[TASK BRIEF]: In the records below, find the line containing "四、投标人如被查实在该项目招" and repeat it and every line after it exactly, without pictures.

[DATA IN THIS EXERCISE]:
Segment Open

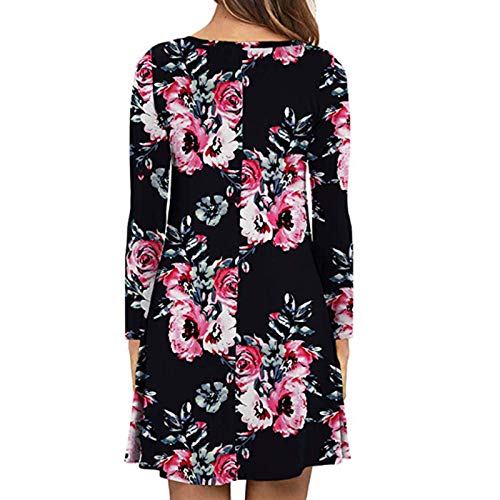 Durio Abito semplice da donna, basic, casual, linea ad A, per il tempo libero, a maniche lunghe, casual, girocollo, tunica
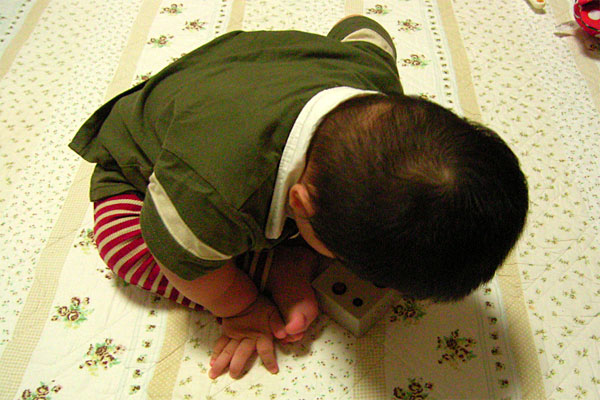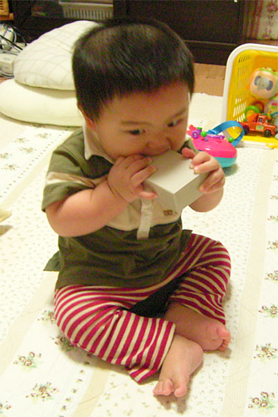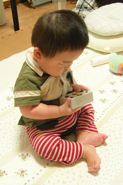 で、一通りの動作確認後、イッペイに渡してみる……かなり興味を示して、叩いたり、持ち上げたり、振ったり、ナメたり、カジったり……そのうち、ボタンが気になったのか、指先でボタンをハジき始め、ついには振動モータを駆動ッ!! 一瞬、驚いた顔を見せたが、直後にニヤっと笑った。どうやら、それなりにウケてるようだ。
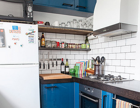 Στις μικρές και ελάχιστα φωτεινές κουζίνες μπορείτε να δώσετε έμφαση στο χρώμα, επιλέγοντας χρωματιστά και πολύ γυαλιστερά έπιπλα.
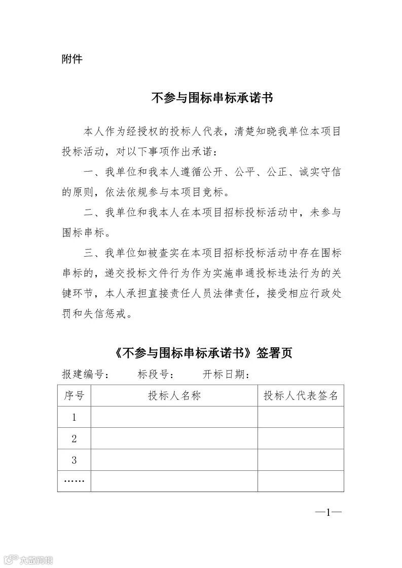 四、投标人如被查实在该项目招标投标活动中存在围标串标的,签署承诺书的投标人代表将作为实施串通投标违法行为的直接责任人员,一并被进行行政处罚和失信惩戒。
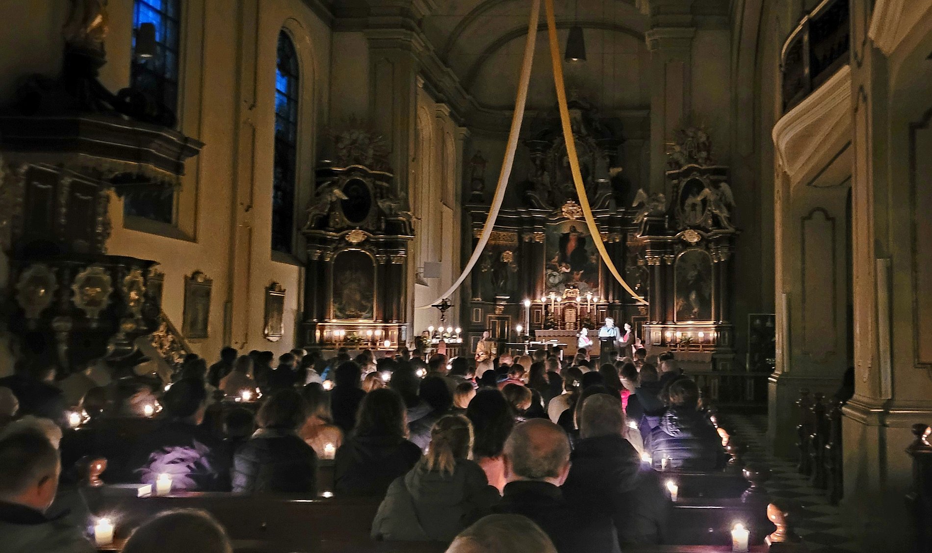 Nachdem man in die dunkle, fast volle Kirche eingezogen war, wurde nach und nach durch unzählige Kerzen die Kirche erhellt.
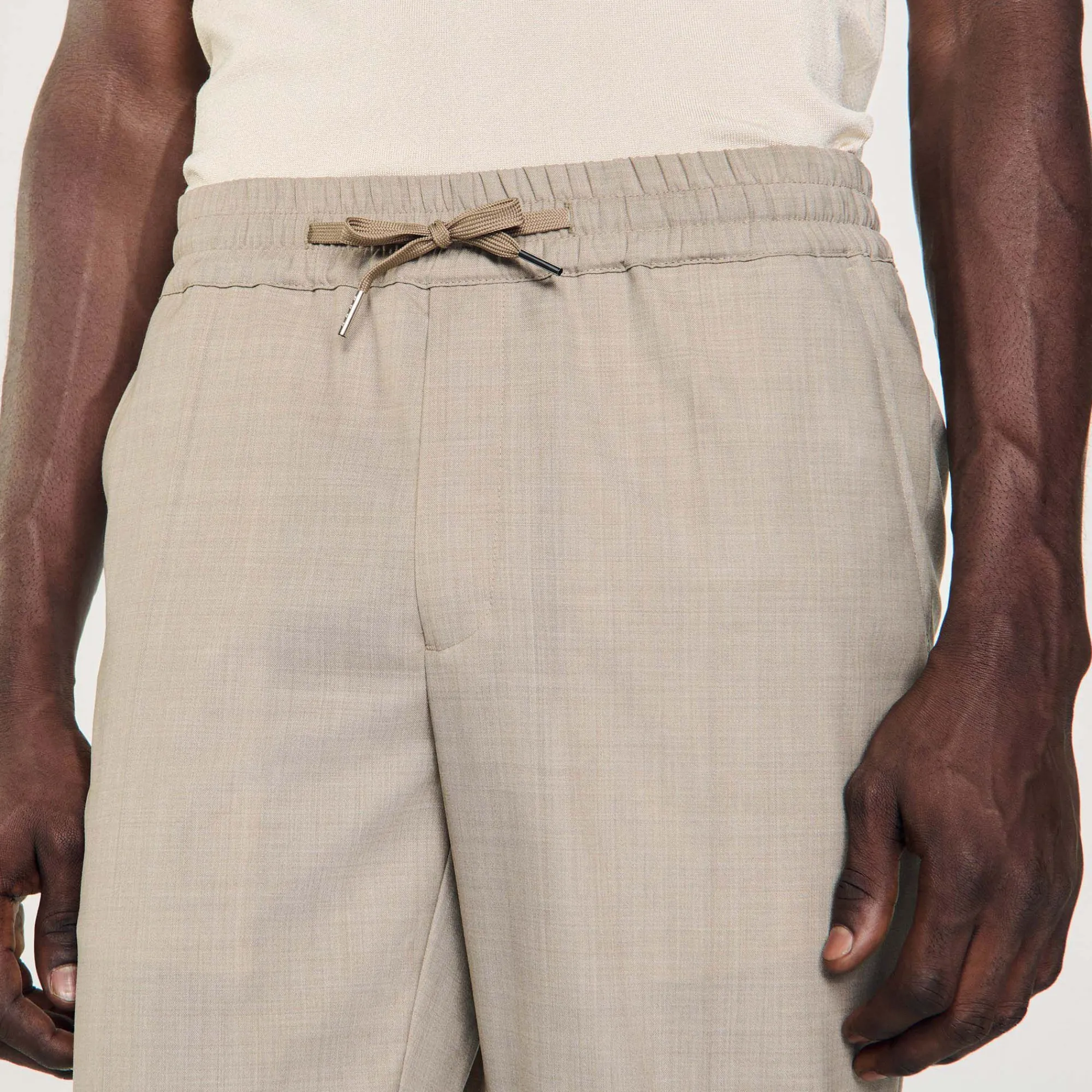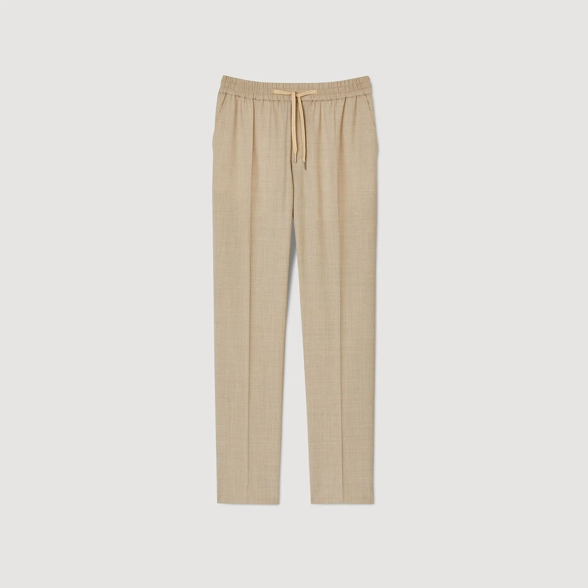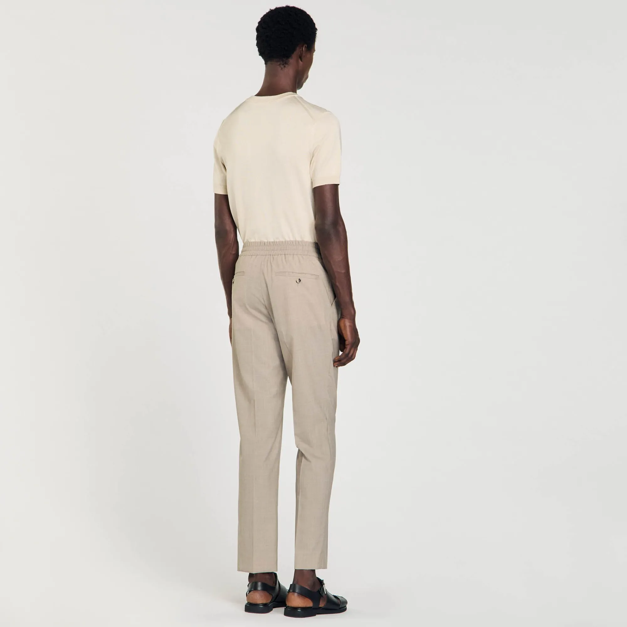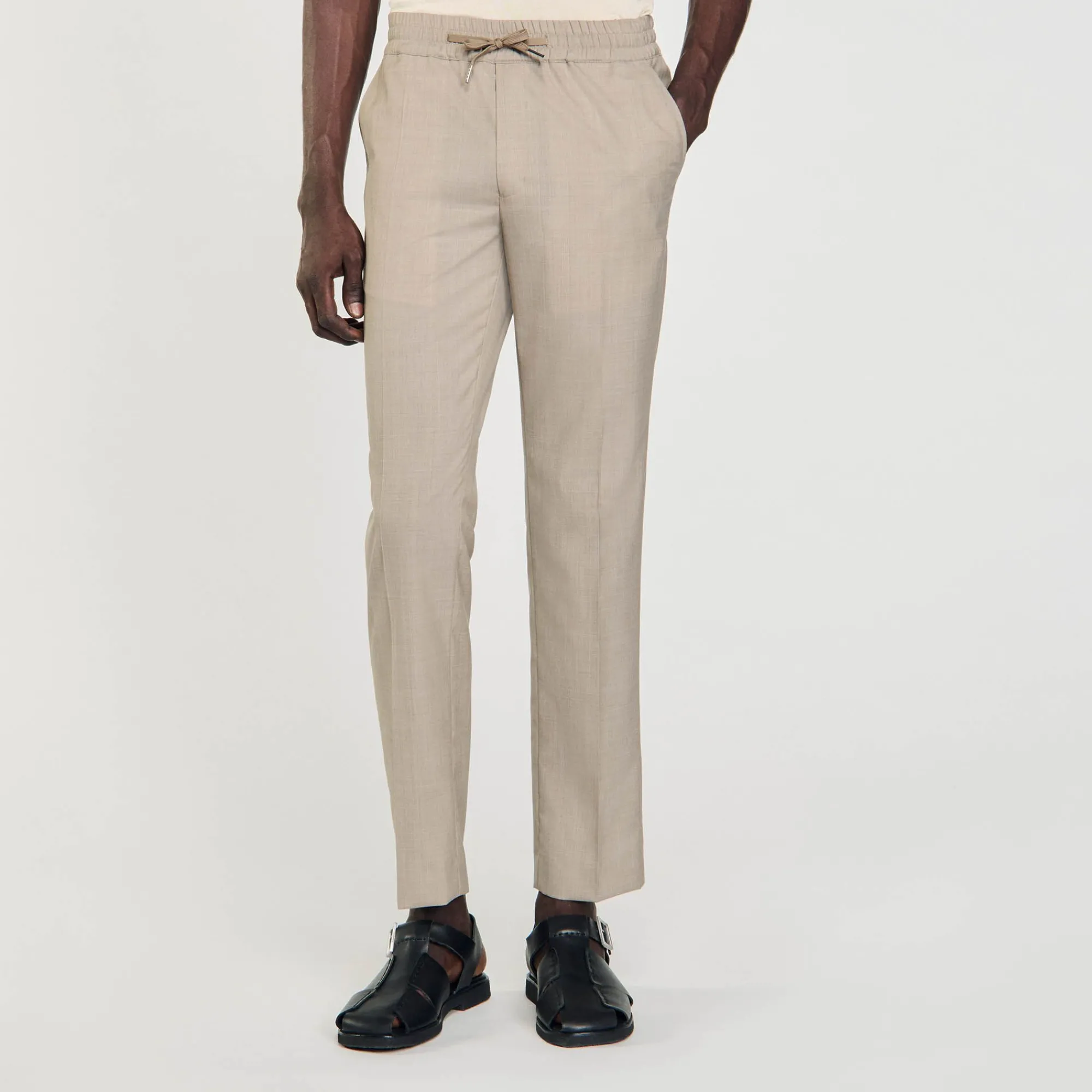 Calça Reta Com Cintura Elástica Com Cordões E Bolsos Nas Laterais. Calças Retas Sandro Homme Cordão E Cintura Elás…

Segment Closed

[TASK RESPONSE]:
 四、投标人如被查实在该项目招标投标活动中存在围标串标的,签署承诺书的投标人代表将作为实施串通投标违法行为的直接责任人员,一并被进行行政处罚和失信惩戒。
 Nachdem man in die dunkle, fast volle Kirche eingezogen war, wurde nach und nach durch unzählige Kerzen die Kirche erhellt.
 Calça Reta Com Cintura Elástica Com Cordões E Bolsos Nas Laterais. Calças Retas Sandro Homme Cordão E Cintura Elás…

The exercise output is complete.